To Caption or not to Caption

woman eating watching movieAs soon as your content includes videos you should be thinking about captioning. In the simplest form, captioning is those words on the screen that are readable as the audio portion of the program is spoken. The idea is that captioning is only useful for deaf or people who are hard of hearing. Not true. An oft quoted survey from the UK done in 2006 revealed that 80% of TV viewers who used closed captioning did not have hearing difficulties. Times have changed, technology has advanced, yet many people without any hearing loss use captioning as a way to enhance/ enjoy videos.

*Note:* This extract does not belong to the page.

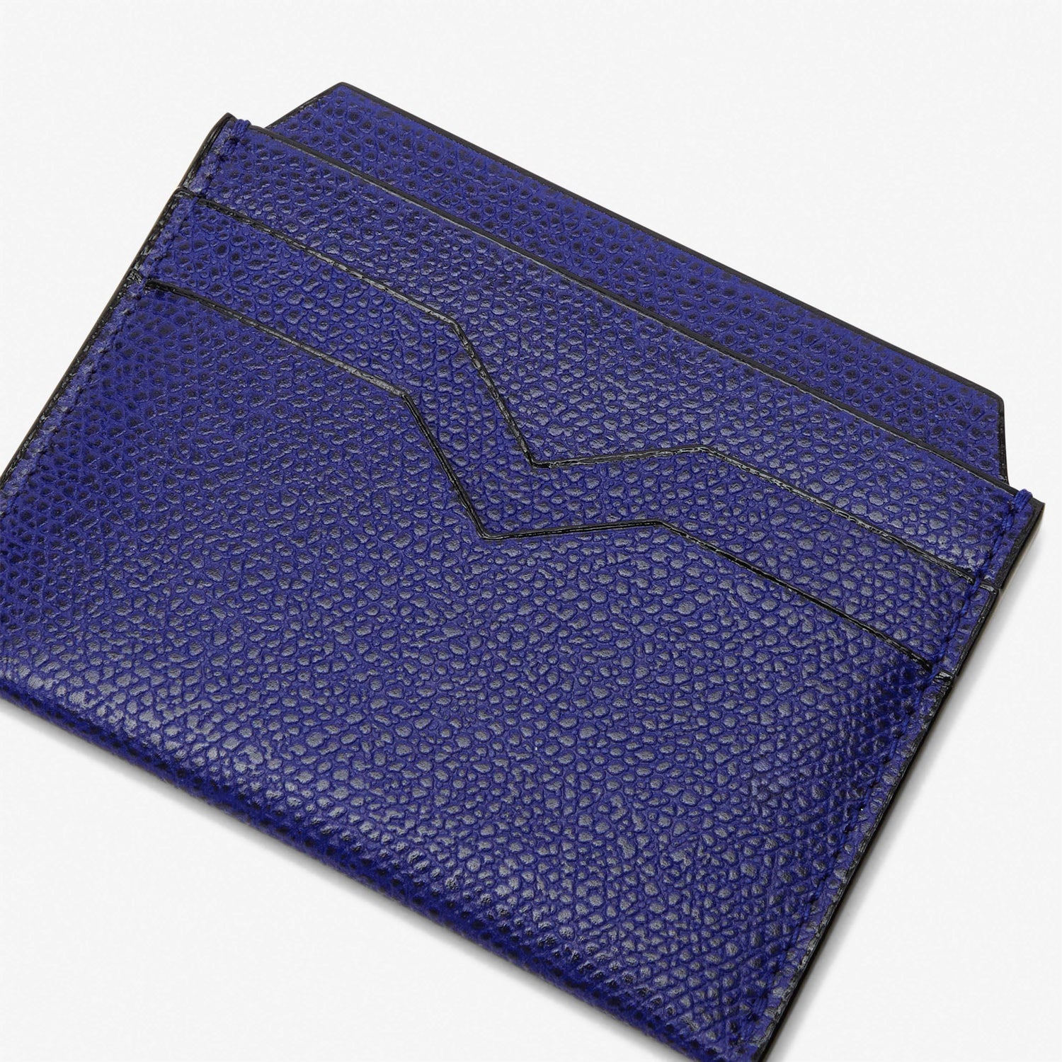 さりげなくエレガントな素材感のカードホルダーは、いつの世も必ず手元に置いておきたいアイテムです。ブランドの象徴であるV字カットが施された4つのクレジットカード用のスロットと中央に2つの仕切り付きスロット。ライナーは革張り。

They listen in a public area and don’t want to disturb others, on a noisy subway and they situationally can’t hear the sound or they get more out of the content if they can watch and read the words at the same time (dual sensory input).

The law: The US Congress passed a Twenty-First Century Communications and Accessibility Act in 2010, with a string of updates and clarifications through 2015. Two broad areas are covered. One is products and services that use Broadband. The other is video programming on television and the internet.

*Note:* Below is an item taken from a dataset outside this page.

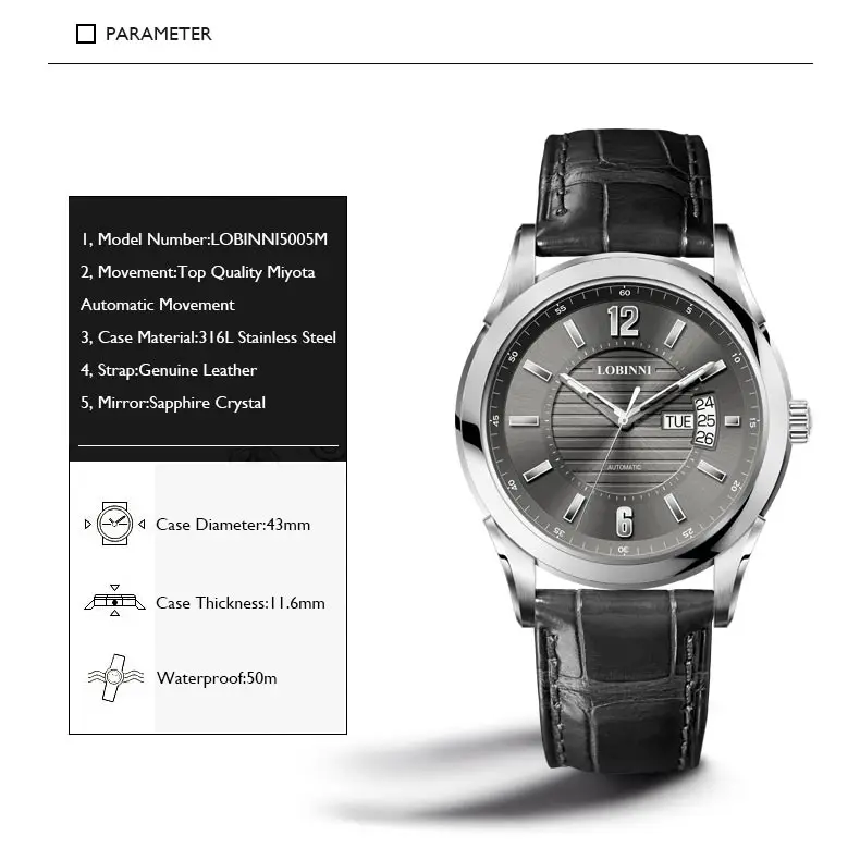 О мужские часы LOBINNI LOBINNI dress watches-это бренд, специализирующийся на бизнесе и моде, который начинается в 1985 году. Отдел дизайна имеет 30 профессиональных дизайнеров часов. Основные наручные часы с модными элементами платья, и все больше и больше людей любят качество и дизайн. Все больше и больше дизайнеров присоединяются к нам, и мы постоянно стремимся проектировать больше часов, которые отвечают различным стилям. 【Материал: 】мужские часы с 316L чехол из нержавеющей стали, Анти-Царапины сапфировое зеркало, нержавеющая сталь/ремешок из натуральной кожи 【 Функции: 】 мужские наручные часы с высоким качеством Japan Miyota автоматическое движение и точное время в пути. Автоматические часы для мужчин с классическим дизайном с двойным календарем, мужские часы с водонепроницаемостью 50 м, швейцарские мужские фирменные часы с модным и деловым стилем, вы будете более уверены, И нравится. 【Параметры и детали: 】 детали мужских часов paremeter: 1. Номер модели: LOBINNI-5005 2, высокое качество Япония Miyota автоматический механизм 3, материал корпуса: нержавеющая сталь 316L 4. Ремешок: ремешок из нержавеющей стали/ремешок из натуральной кожи 5. Зеркало: сапфировое зеркало с защитой от царапин 6, чехол Диаметр: 43 мм 7, чехол Толщина: 11,6 мм 8, ширина ремешка: 22 мм 9, водонепроницаемый: 50 м 10, прозрачная задняя крышка 11, функции: водонепроницаемый, двойной календарь 【 Подходящий Случай: эти мужские механические водонепроницаемые часы подходят для любых случаев, подходят не только для ношения на рабочем месте, но и для повседневной носки. На специальных фестивалях это также лучший подарок для любимых, друзей и влюбленных, таких как день рождения, Рождество, День Святого Валентина, День благодарения, Пасха, Черная пятница и т. д. 【 Качество и обслуживание: эти мужские часы эксклюзивные спроектированы, собраны, протестированы и доставлены, и каждый шаг очень строгий, гарантируя, что вы получите хорошие часы. Мы будем Гарантия 18 месяцев. И Ваше удовлетворение-наша гордость, мы ответим на ваш вопрос в течение 24 часов.

In February, 2015, National Association for the Deaf (NAD) and some individuals sued Harvard and MIT over lack of captioning or very poor captioning of the video content they provide, covering online lectures, podcasts, courses and more. In June, 2015, the Department of Justice (DOJ) joined the lawsuit advocating a speedy resolution and captioning be provided.

Netflix has lead the way to providing full captioning, even though it was, regretfully, a result of a successful lawsuit. YouTube provides an automated captioning option. The results, while technically over 90% accurate lead to, often hilarious (if you are able to hear the discrepancies) wildly incongruous word juxtapositions. If you doubt me, just switch on captioning when you are on YouTube next and find your own examples. Any time a person mumbles or has the slightest speech anomaly or accent there is no telling how the automated captioning will record it.

So, to caption or not to caption? When in doubt, decent captioning should be built into your process, including everyone and building your brand as inclusive.